Segment Open
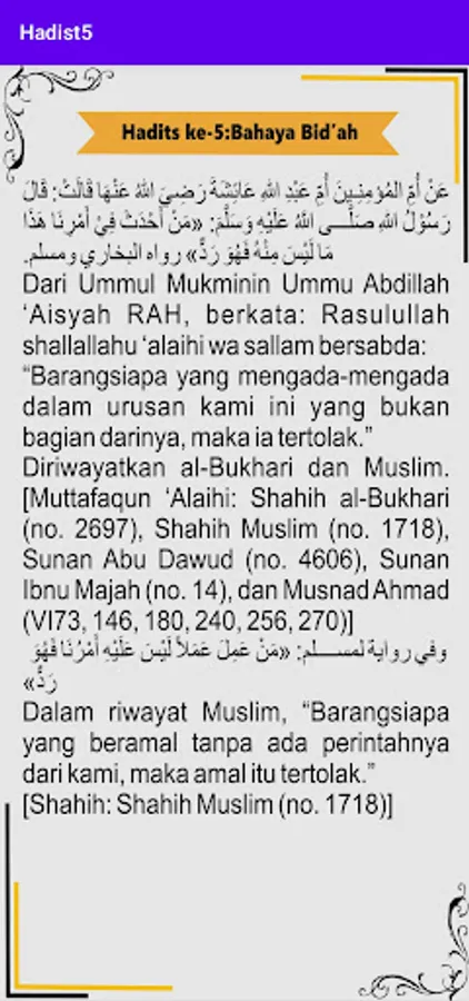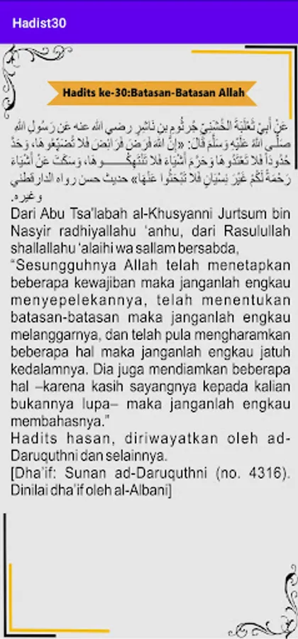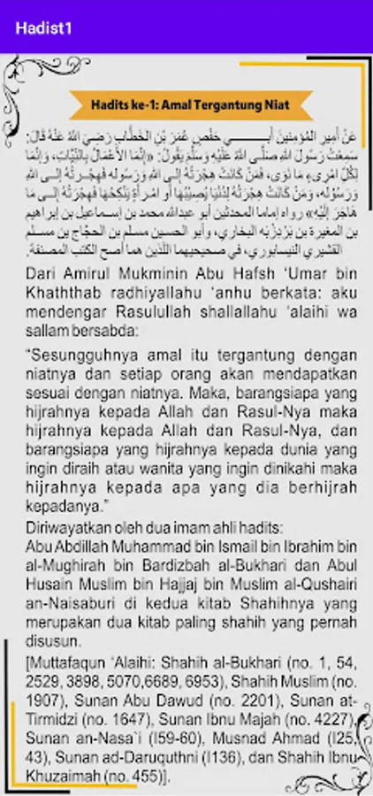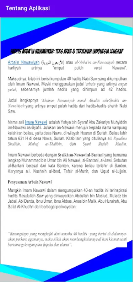 The Arbain Hadith application is the application of the Arbain Nawawi Book which is made as an application to make it easier for book readers without having to bother carrying books in the form of fairly thick prints. This Arbain Hadith application consists of a collection of Forty Two (42) Hadiths composed or compiled by Imam Nawawi.
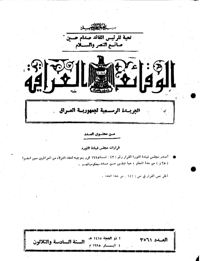 ترتيب الوقائع العراقية حسب السنة
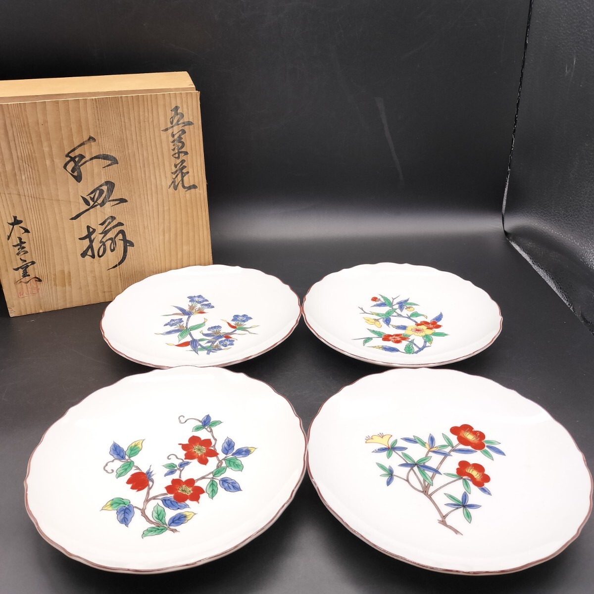 有田焼 和皿揃 大吉窯 花草絵 銘々皿 中皿 和食器 花柄 チ16
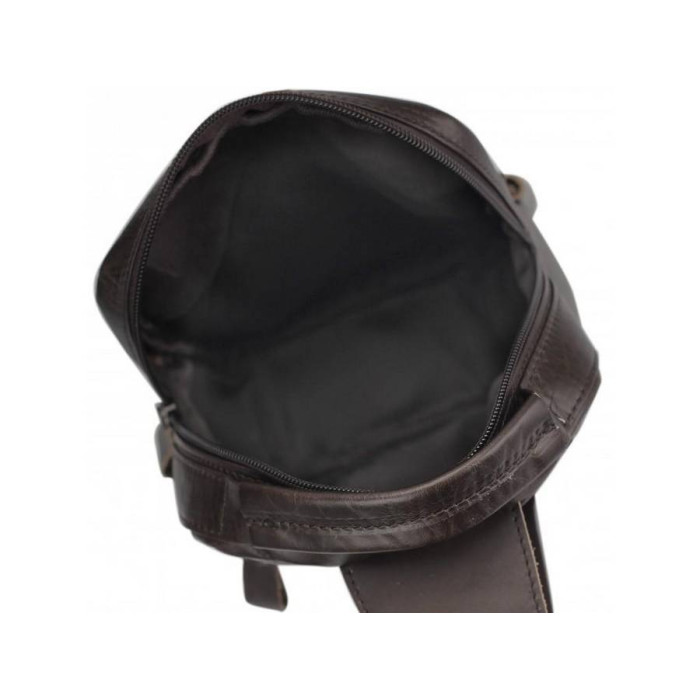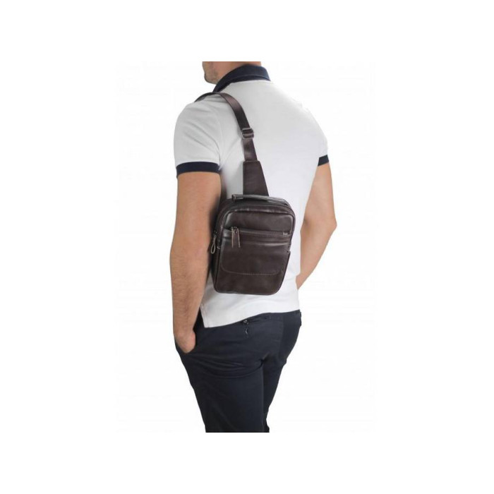 Мужская сумка-слинг разработана для повседневного использования. Сделана она с натуральной гладкой кожи и имеет темно-коричневый цвет. Оснащена одной шлейкой, такую мужскую сумку удобно носить через плечо. Мужская сумка имеет одно главное отделение, два кармана на молнии, один с лицевой стороны и один с тыльной. Также с лицевой стороны есть один небольшой карман, который закрывается кнопкой с магнитом. Внутри сумки есть один карман для мелочей.
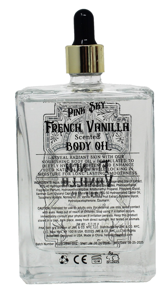 <div style="text-align:center"><img src="http://ti2.auctiva.com/sw/java.gif" border="0"><br><table align="center"><tr><td><a style="text-decoration:none" href="http://emporium.auctiva.com/Dimpl28" target="_blank"><img src="http://ti2.auctiva.com/sw/browse2.gif" border="0"></a></td><td height="21px" valign="middle" align="center"><font face="arial" size="2"><b><a href="http://emporium.auctiva.com/Dimpl28" target="_blank">Dimpl28</a> Store</b></font></td></tr></table></div> <img src="http://ti2.auctiva.com/web/aswCredit.gif" border="0"><br><a href="http://www.auctiva.com/?how=scLnk0" target="_blank"><img src="http://ti2.auctiva.com/images/sc1line0.gif" border="0"></a> Pink Sky French Vanilla Oil Body Scented Glass Bottle 4 oz Brand New We have been selling on eBay since 2002 and have always had a good standing with eBay due to our integrity. All our products are 100% authentic. To sell anything other than that is illegal and immoral. We do not ship internationally unless it's to a military address, in which case, we are honored to do so. All orders are double checked before shipping out to avoid any mistakes. We are honest and upfront about items and the condition of items. Once an item is purchased, the address cannot be changed nor can the order be canceled. Our handling time is 2 days, unless we’re out of town and then it will be changed to reflect any delay. Our customers make this business possible and I truly appreciate each & every one of you! Thank you!
Segment Closed
What you will do = From the records above, quote word for word only the lines beginning at the line that has "ترتيب الوقائع العراقية حسب السنة" and stopping after the line that has "Мужская сумка-слинг разработана". Omit the pictures.

Your solution =
 ترتيب الوقائع العراقية حسب السنة
 有田焼 和皿揃 大吉窯 花草絵 銘々皿 中皿 和食器 花柄 チ16
 Мужская сумка-слинг разработана для повседневного использования. Сделана она с натуральной гладкой кожи и имеет темно-коричневый цвет. Оснащена одной шлейкой, такую мужскую сумку удобно носить через плечо. Мужская сумка имеет одно главное отделение, два кармана на молнии, один с лицевой стороны и один с тыльной. Также с лицевой стороны есть один небольшой карман, который закрывается кнопкой с магнитом. Внутри сумки есть один карман для мелочей.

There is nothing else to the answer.